Hi I know the formula
$\displaystyle sin(\alpha \pm n)\pi=(-1)^nsin\alpha \pi$
but what about
$\displaystyle cos(\alpha \pm n)\pi=?$
$\displaystyle cos(\alpha \mp n)\pi=?$
$\displaystyle sin(\alpha \mp n)\pi=?$
cos(a+ b)= cos(a)cos(b)- sin(a)sin(b).
In particular, if $\displaystyle b= n\pi$ and $\displaystyle a= \alpha$,
$\displaystyle cos(\alpha+ n\pi)= cos(\alpha)cos(n\pi)- sin(\alpha)sin(n\pi)$.
Of course, $\displaystyle sin(n\pi)= 0$, for all n, and $\displaystyle cos(n\pi)= (-1)^n$.
Therefore, $\displaystyle cos(\alpha+ n\pi)= (-1)^ncos(\alpha)$.
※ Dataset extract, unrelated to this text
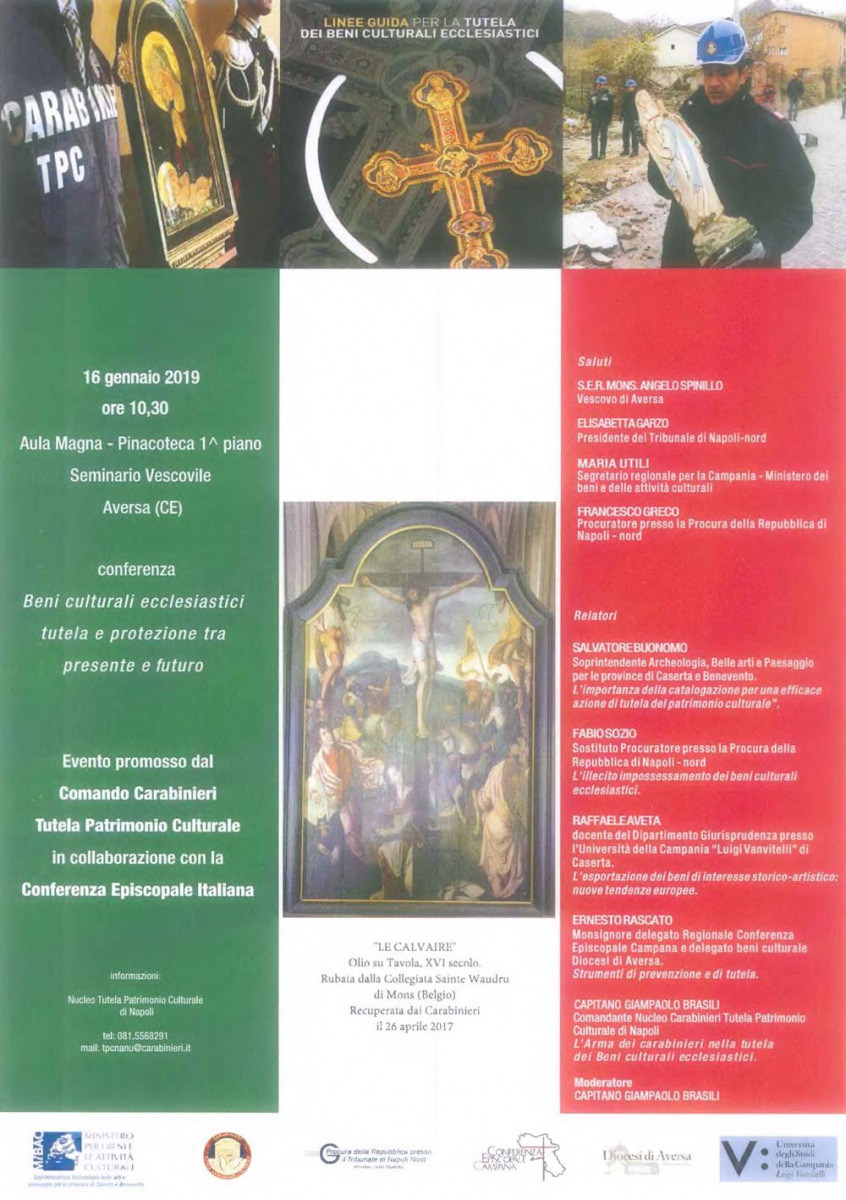 "Rafforzare la cultura e la sensibilità nella tutela di uno dei più importanti settori del patrimonio culturale nazionale: quello ecclesiastico. Con questa finalità, l’Ufficio Nazionale per i beni culturali ecclesiastici e l’edilizia di culto della CEI e il Comando Carabinieri Tutela Patrimonio Culturale hanno promosso, a livello regionale,-spiega la nota- il ciclo di conferenze “Beni culturali ecclesiastici, tutela e protezione tra presente e futuro”, in collaborazione con le Conferenze Episcopali Regionali, le Diocesi, gli Uffici Giudiziari, le articolazioni delMinistero per i beni e le attività culturali e l’Università.-spiega la nota-Il ciclo in questione farà tappa anche ad Aversa mercoledì prossimo, 16 gennaio 2019 alle ore 10.30, presso la Pinacoteca del Seminario Vescovile di Aversa. La Conferenza, come negli altri appuntamenti del ciclo avviato il 10 ottobre scorso ad Ancona e che si chiuderà a Torino il 24 gennaio, s’intitola appunto “Beni culturali ecclesiastici, tutela e protezione tra presente e futuro”, -spiega la nota-e si inserisce nell’ambito della pluriennale fruttuosa collaborazione tra CEI e MiBAC e nell’alveo della sinergia che, parimenti, caratterizza l’operato delle Soprintendenze, degli Uffici diocesani per i beni culturali e l’edilizia di culto e delle articolazioni territoriali del Comando Carabinieri Tutela Patrimonio Culturale.-si legge nella nota-Diversi i relatori che saranno chiamati ad intervenire ciascuno su uno specifico argomento d’interesse: l’arch. Salvatore Buonomo, Dirigente Soprintendenza Archeologia, Belle Arti e Paesaggio per le Province di Caserta e Benevento, sull’ “Importanza della catalogazione per una efficace azione di tutela del patrimonio culturale”;-spiega la nota- il dott. Fabio Sozio, Sostituto Procuratore – Procura di Napoli Nord, sulla “Contraffazione di opere d’arte e beni archeologici: aspetti penalistici”; il prof. Raffaele Aveta, Dipartimento Giurisprudenza Università Vanvitelli di Caserta, sulla “Circolazione dei beni culturali ecclesiastici”; Mons. Ernesto Rascato, Delegato Beni Culturali della Conferenza Episcopale Campana, sugli -spiega la nota-“Strumenti di prevenzione e di tutela”. A moderare la tavola rotonda sarà il Cap. Giampaolo Brasili, Comandante del Nucleo Tutela Patrimonio Culturale di Napoli, che relazionerà anche sul tema “L’Arma dei Carabinieri nella tutela dei beni culturali ecclesiastici”.-si legge nella nota-Previsti anche i saluti di S.E.Mons. Angelo Spinillo, Vescovo di Aversa, della dott.ssa Elisabetta Garzo, Presidente del Tribunale di Napoli Nord, del dott. Francesco Greco, Procuratore della Repubblica di Napoli Nord, e della dott.ssa Maria Utili, Direttore Segretariato Regionale del MiBAC per la Campania.-spiega la nota-Al termine della conferenza ci sarà la possibilità di visitare un’esposizione di opere ecclesiastiche (sculture, dipinti e marmi) ritrovati dal Comando Tutela Patrimonio Culturale nel corso degli anni (dal 1980 ad oggi). L’iniziativa vuole dunque focalizzare l’attenzione sul fenomeno dei furti e dei danneggiamenti in danno di chiese e luoghi di culto ove la fragilità del patrimonio culturale è ulteriormente messa a repentaglio dalla fruizione devozionale e liturgica dei beni ecclesiastici. -spiega la nota-Grazie alla pluralità di visioni, assicurata da illustri relatori provenienti dal mondo ecclesiastico, giudiziario, ministeriale, accademico e operativo, il tema “Beni culturali ecclesiastici, tutela e protezione tra presente e futuro” sarà declinato in tutte le sue sfaccettature, con particolare focus sulle buone pratiche e le criticità del settore.-spiega la nota-Infine, il ciclo di conferenza rappresenta un’ulteriore qualificata occasione per sostenere le attività di catalogazione del patrimonio culturale ecclesiastico, da tempo promosse dalla CEI, e per diffondere i consigli contenuti nella pubblicazione “Linee guida sulla tutela dei beni culturali ecclesiastici” realizzata, nel 2014, dal Comando Carabinieri Tutela Patrimonio Culturale, in collaborazione con l’Ufficio Nazionale per i beni culturali ecclesiastici e l’edilizia di culto."

For $\displaystyle cos(\alpha- n\pi)$, use the fact that cosine is an even function: $\displaystyle cos(-n\pi)= cos(n\pi)= (-1)^n$
there is no difference at all between $\displaystyle \alpha\pm n\pi$ and $\displaystyle \alpha\mp n\pi$. They both mean exactly the same thing.
$\displaystyle cos(\alpha\pm{n}){\pi}=cos(\alpha{\pi})cos(\pm{n}{ \pi})-sin(\alpha{\pi})sin(\pm{n}{\pi})
$
$\displaystyle =cos(\alpha{\pi})cos(\pm{n}{\pi})$
If n=1, this is
$\displaystyle cos(\alpha{\pi})cos(\pm{\pi})=-cos(\alpha{\pi})$
If n=2, it's
$\displaystyle cos(\alpha{\pi})$
so the power of $\displaystyle -1$ is n